Authors: Megan McDowell Alejandro Zambra
There are also those rumors about Champix that tend to appear in the paper’s science section, which I don’t give any credit to because I don’t believe in the paper’s science section. What a giant lie, the science section: on Monday they report on important studies at prestigious universities about the virtues of wine or almonds, and on Wednesday they say that both are bad for you. I remember that verse from Nicanor Parra: “Bread is bad for you / all foods are bad for you.” It’s like the horoscope section: last week it said the same thing on Monday for Libra that it said on Saturday for Pisces.

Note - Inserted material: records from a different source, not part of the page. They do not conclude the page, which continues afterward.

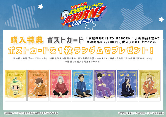 『家庭教師ヒットマンREBORN!』新商品を含めて関連商品を2,200円(税込)お買い上げごとに、ポストカード(全7種)を1枚ランダムでプレゼントしています。通販での購入も対象なので、ぜひご利用ください!
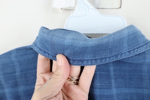 Sun faded/blemished/discoloring collar, right arm. Loose threads right cuff. Collar, arms/cuffs, front discolored. Color faded. Pilling
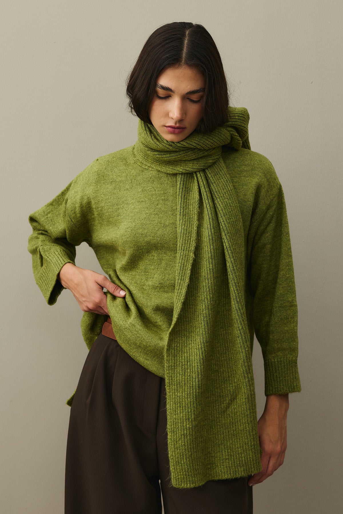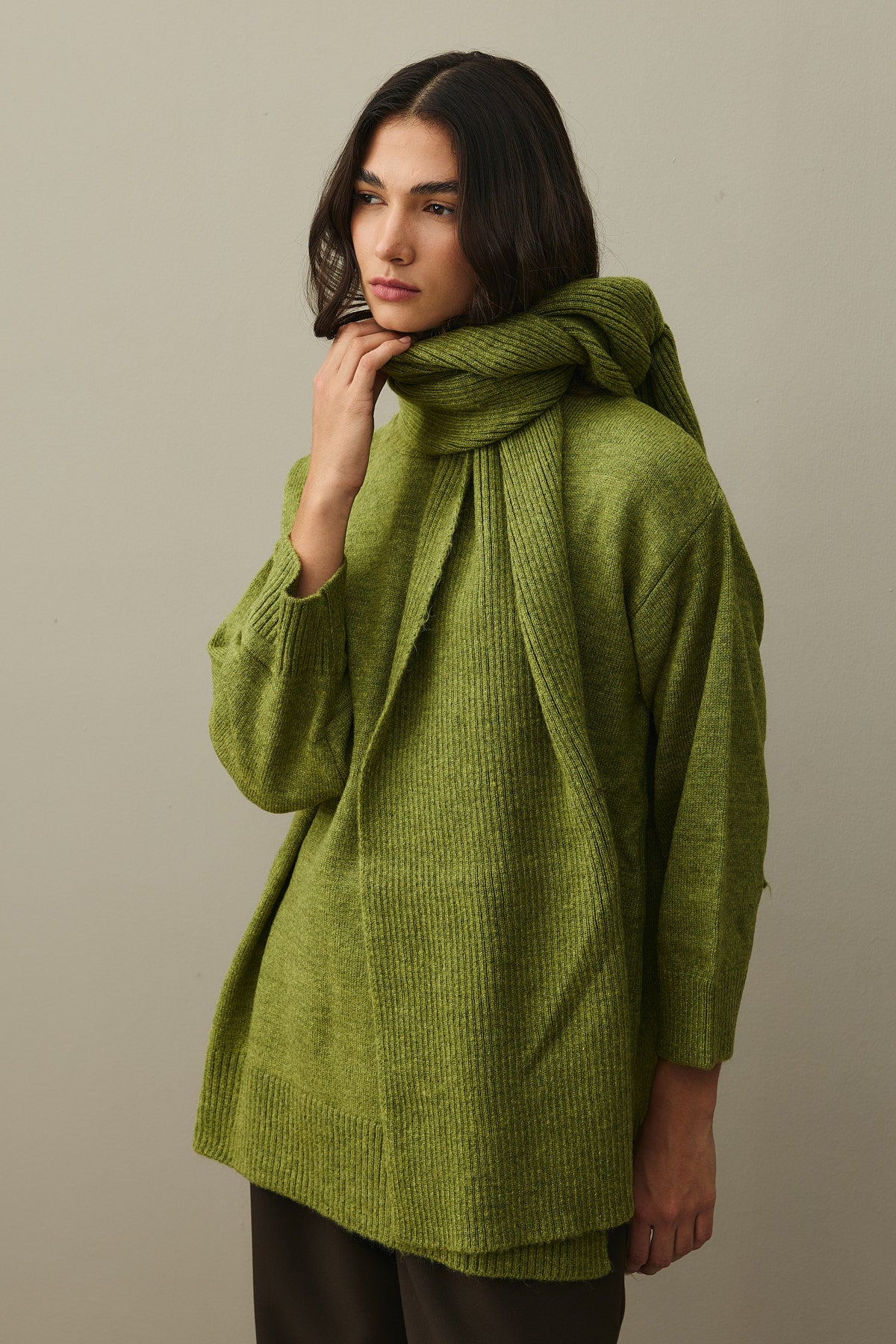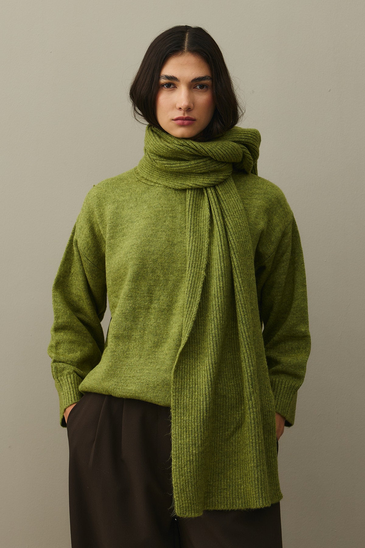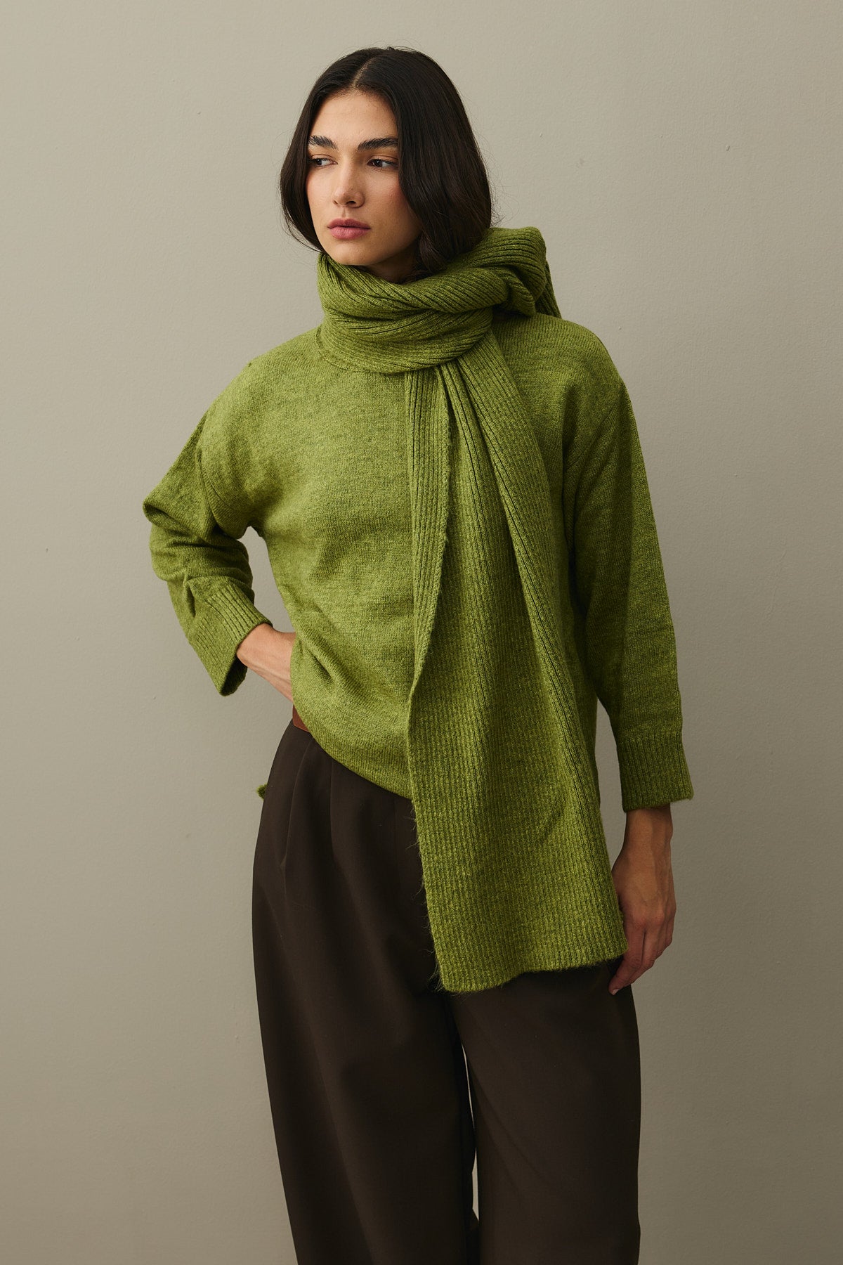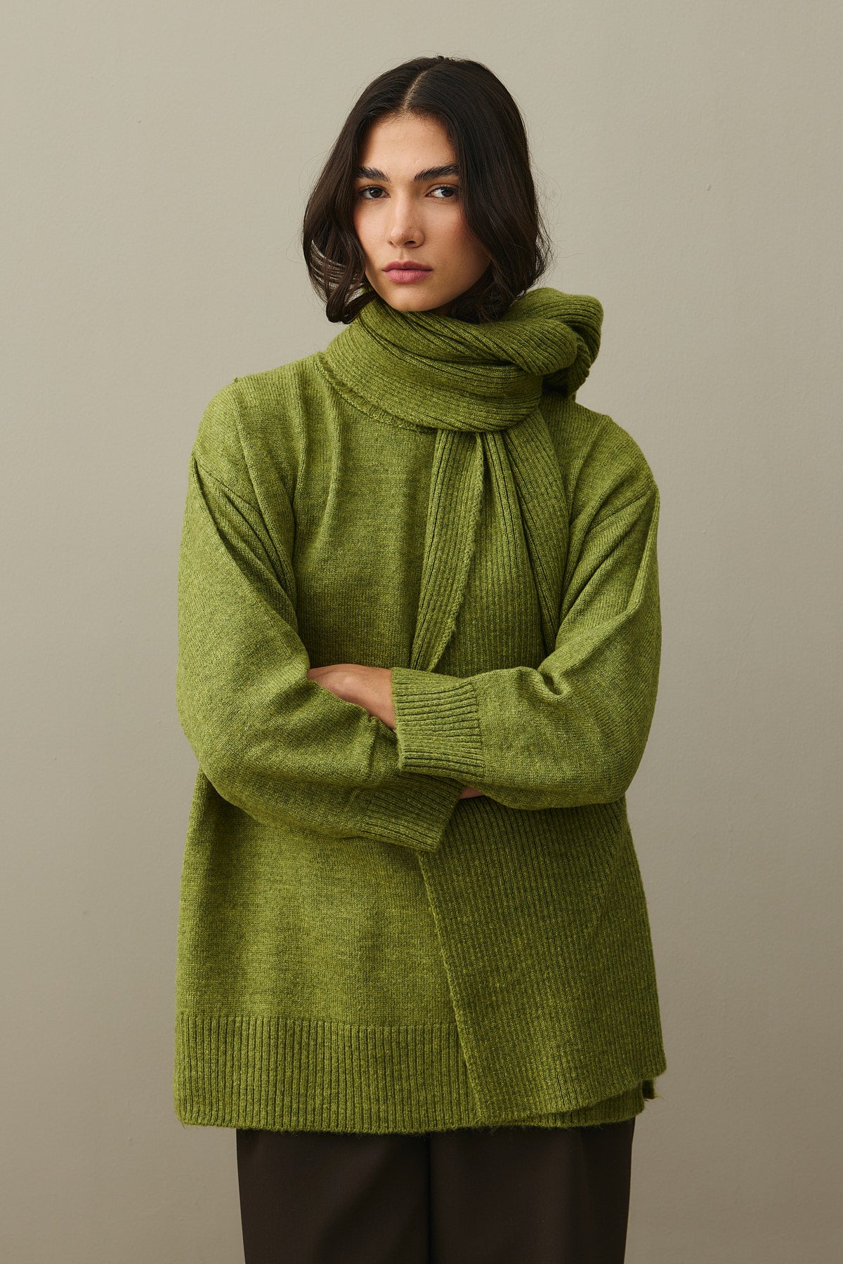 Tiftik Karışımlı Atkılı Kazak Yağ Yeşili

In any case, the rumors are that many people who take Champix start having suicidal thoughts. I read on the Internet that in the span of a year, 227 cases of attempted suicide were reported, along with 397 cases of psychotic disorders, 525 cases of violent behavior, 41 cases of homicidal thoughts, 60 cases of paranoia, and 55 cases of hallucinations. I don’t believe any of that.
My big problem up to now has been my hands. I don’t know what to do with my hands. I hold on to my pockets, railings, my cheeks, Bubble Wrap, cups. Most of all to cups: I get drunk faster now, which isn’t really a problem—everyone around me understands.
It bothers me, that unanimous approval of what some people call—cigarette in hand—“my brave decision.”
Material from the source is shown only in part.